Marina Silva

Já se disse tudo sobre os guarani-kaiowá. Nada parece comover a
“civilização brasileira” de que o extermínio desse povo é um crime
imperdoável e o sangue de suas crianças recai sobre todos nós.

Dói na alma ler a carta da comunidade Pyelito kue”“Mbarakay, de Iguatemi
(MS), divulgada depois que a Justiça de Naviraí (MS) determinou sua
retirada da beira de um rio.

É um daqueles documentos que testemunham momentos graves na formação do
país, como os relatos de Canudos e do Contestado, da Revolta da Chibata, da
escravidão, da ditadura, dos incontáveis massacres e chacinas que tingem o
chão de nossa pátria.

Ouçamos a voz guarani-kaiowá: “(…) avaliamos a nossa situação e
concluímos que vamos morrer todos mesmo em pouco tempo, não temos e nem
teremos perspectiva de vida digna e justa tanto aqui na margem do rio
quanto longe daqui. Estamos acampados a 50 metros do rio Hovy, onde já
ocorreram quatro mortes, sendo que dois morreram por meio de suicídio e
dois em decorrência de espancamento e tortura de pistoleiros das fazendas.
Moramos na margem deste rio Hovy há mais de um ano, estamos sem assistência
nenhuma, isolados, cercado de pistoleiros e resistimos até hoje. Comemos
comida uma vez por dia. Tudo isso passamos dia a dia para recuperar o nosso
território antigo Pyelito kue-Mbarakay”.

Onde estão os poderes da República, o sistema político, as grandes empresas
que se dizem salvadoras da economia nacional? Onde está a opinião pública?
Onde está o brasileiro cordial?

Escutemos: ” (…) ali estão o cemitérios de todos nossos antepassados.
Cientes desse fato histórico, nós já vamos e queremos ser mortos e
enterrados junto aos nossos antepassados aqui mesmo onde estamos hoje, por
isso, pedimos ao governo e à Justiça Federal para não decretar a ordem de
despejo/expulsão, mas solicitamos para decretar a nossa morte coletiva e
para enterrar nós todos aqui. Pedimos, de uma vez por todas, para decretar
a nossa dizimação/extinção total, além de enviar vários tratores para cavar
um grande buraco para jogar e enterrar os nossos corpos. Esse é nosso
pedido aos juízes federais”.

Há um suicídio a cada seis dias entre os guarani-kaiowá. Quase 50 são
assassinados por ano. Agressões incontáveis. Falta ética, respeito à vida e
responsabilidade para com os mais frágeis.

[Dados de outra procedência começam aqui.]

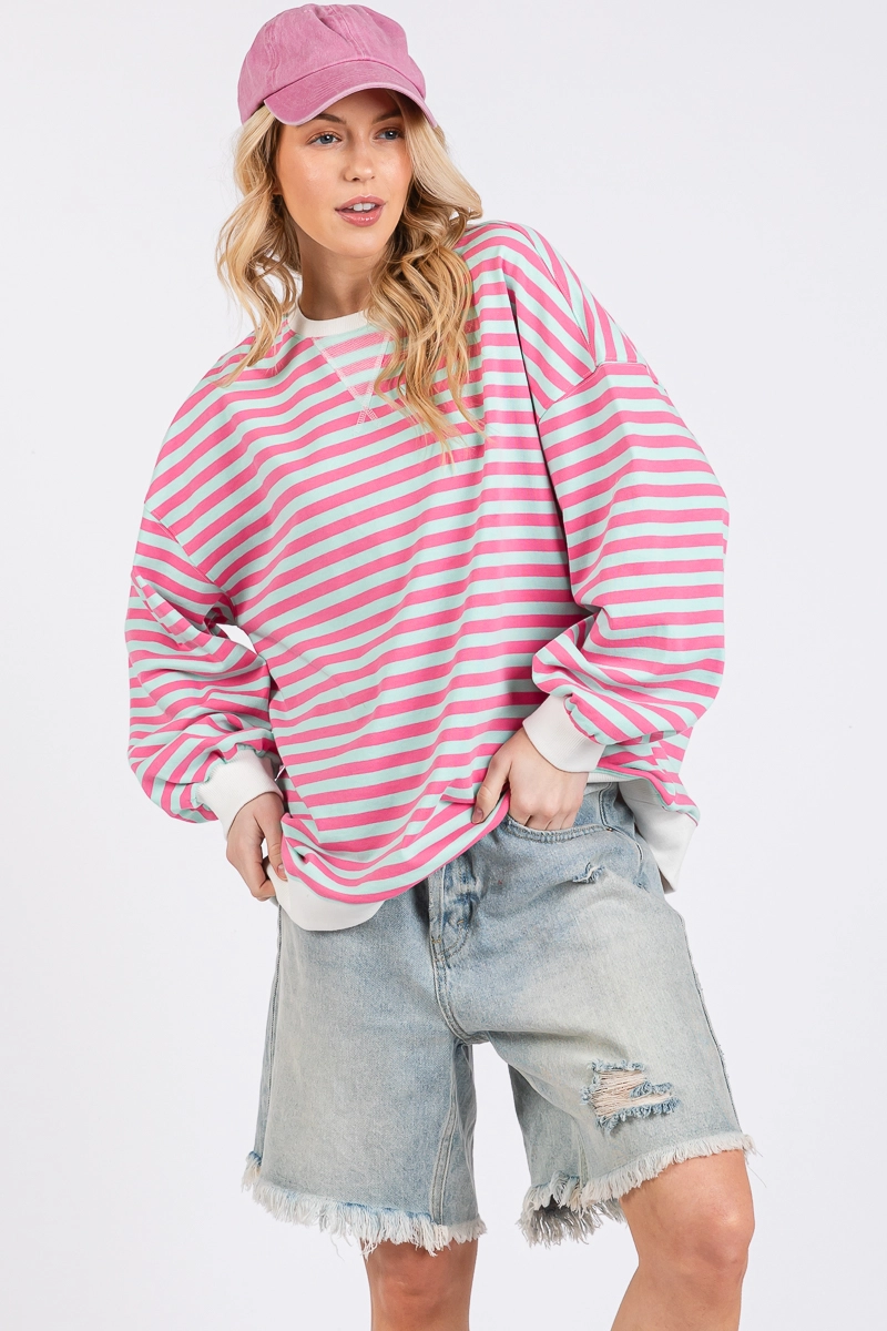 Multi Colour Striped Crew Neck | Pink & blue

Não faltam anestesiadores de consciência sempre dispostos a minimizar a
gravidade da situação, ao dizer que os índios estão blefando, que as “ONGs
estrangeiras” estão por trás, conspirando contra o Brasil.

A pergunta é: até quando assistiremos o genocídio sem fazer nada? Cada um
sabe se é um destinatário da pergunta e em que medida participa da resposta.